◆ EXERCISE
What you write should be an exact repeat of the lines from the one with "Prodajem stolić za" through the final line below, minus the pictures.

[INPUT RECORDS]

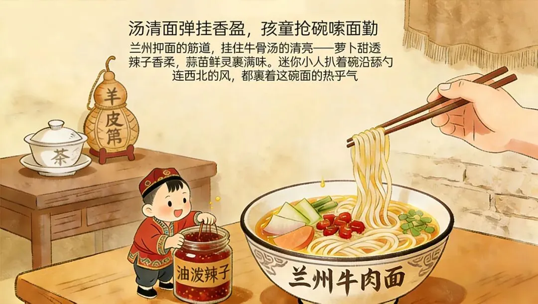 兰州牛肉面:一碗装下黄河的豪情,一口吃透西北的苍劲。
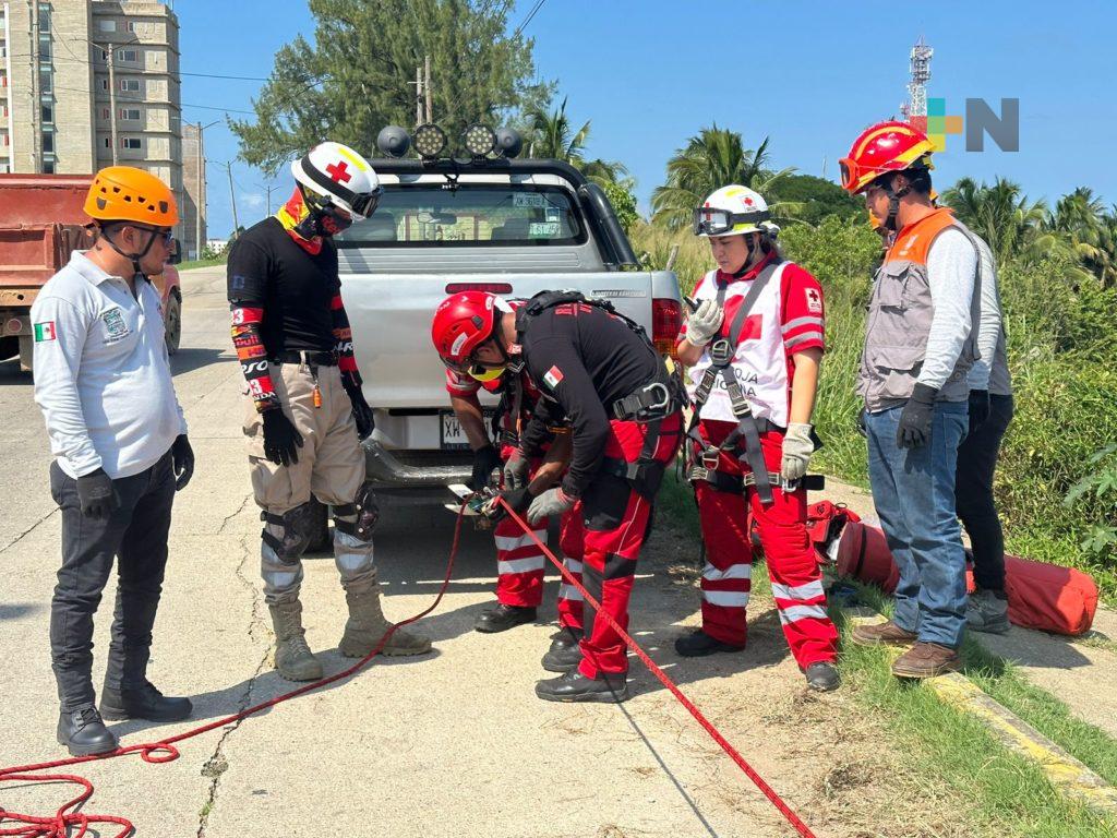Coatzacoalcos, Ver.- Simulando el rescate de una persona que cayó con todo y su automóvil en un barranco tras un incidente vehicular, es como se desarrolló parte del curso de rescate vertical y rescate en algunos bajos a personal de emergencias y protección civil de la región sur.
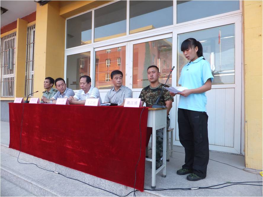 孟平同学代表全体学生发言,同学们都是带着激动、自豪、家长的希望,更是带着对美好理想的憧憬和渴望,来到这个美丽的校园。她决心努力做到:服从命令、听从指挥;苦练基本功,磨练意志;巩固军训成果。
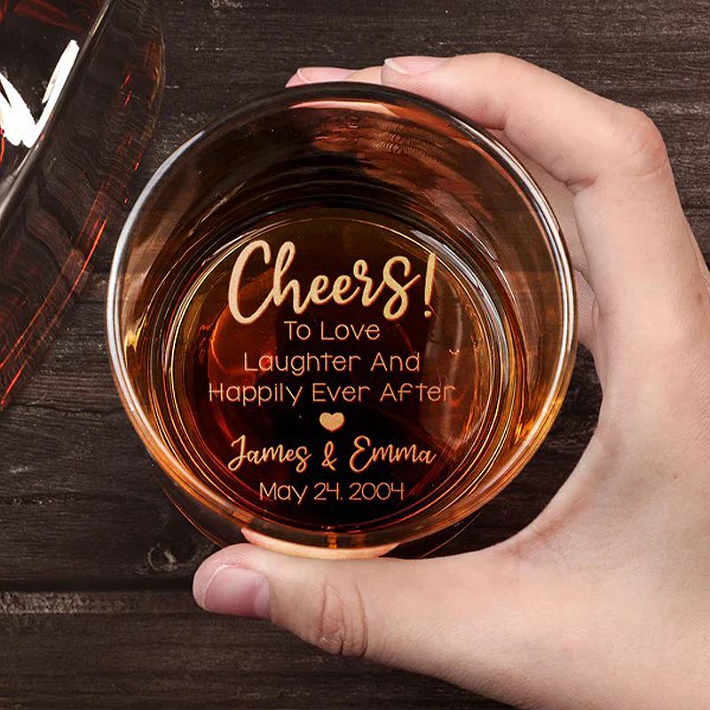 Personalized Whiskey Glass Cheers To Love Laughter & Happily Ever After Gift for Lovers
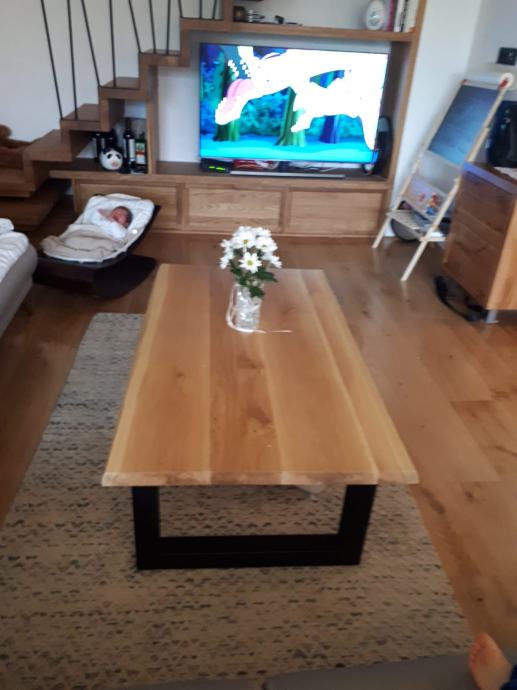Prodajem stolić za dnevni boravak od punog drva hrasta s prirodnim rubom i željeznim nogama profila 60*60 mm obojanim crnom, mat farbom. Dimenzije 120x70x45 cm, debljina gornje ploče 4 cm. Stol je unikatni i ručno rađen. Uljen bezbojnim, mat uljem u dva sloja. Spoj modernog i prirodnog ostavlja prostora da se idealno uklopi u razne interijere.
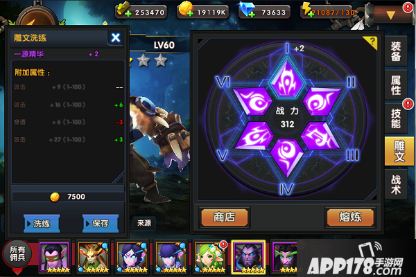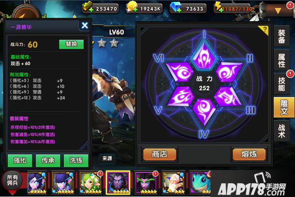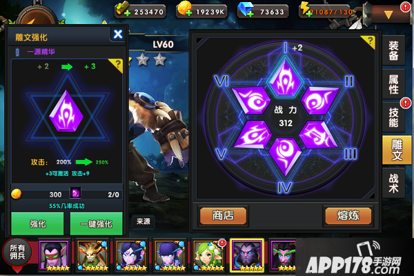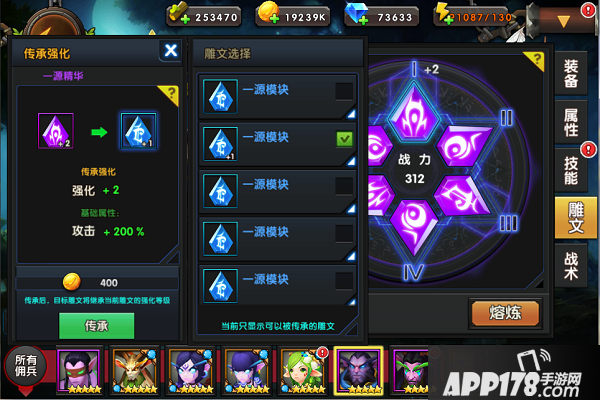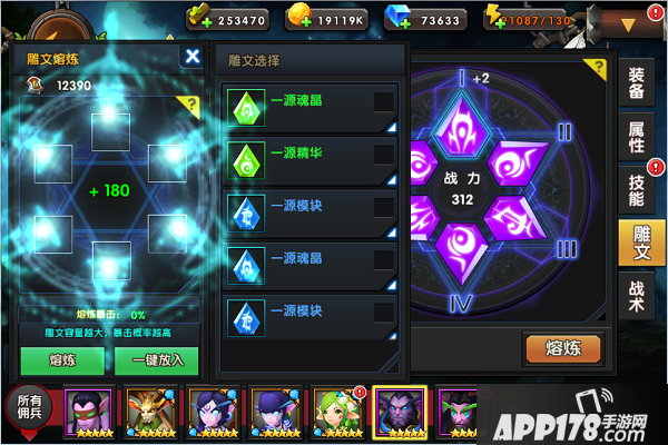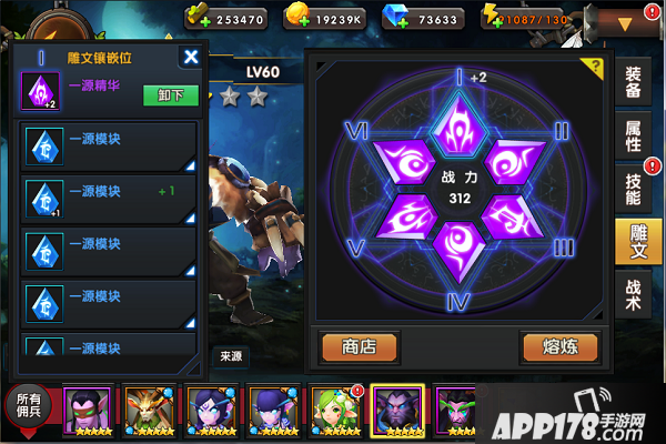 当玩家的领主等级达到25级,将会开启“雕文”系统,雕文是提升英雄属性的主要道具。通过“佣兵”打开英雄面板,我们可以进入“雕文”选项,在界面中我们看到整个雕文系统包括镶嵌位、属性面板、功能按钮三个部分。

[/INPUT RECORDS]

◆ YOUR RESPONSE
Prodajem stolić za dnevni boravak od punog drva hrasta s prirodnim rubom i željeznim nogama profila 60*60 mm obojanim crnom, mat farbom. Dimenzije 120x70x45 cm, debljina gornje ploče 4 cm. Stol je unikatni i ručno rađen. Uljen bezbojnim, mat uljem u dva sloja. Spoj modernog i prirodnog ostavlja prostora da se idealno uklopi u razne interijere.
 当玩家的领主等级达到25级,将会开启“雕文”系统,雕文是提升英雄属性的主要道具。通过“佣兵”打开英雄面板,我们可以进入“雕文”选项,在界面中我们看到整个雕文系统包括镶嵌位、属性面板、功能按钮三个部分。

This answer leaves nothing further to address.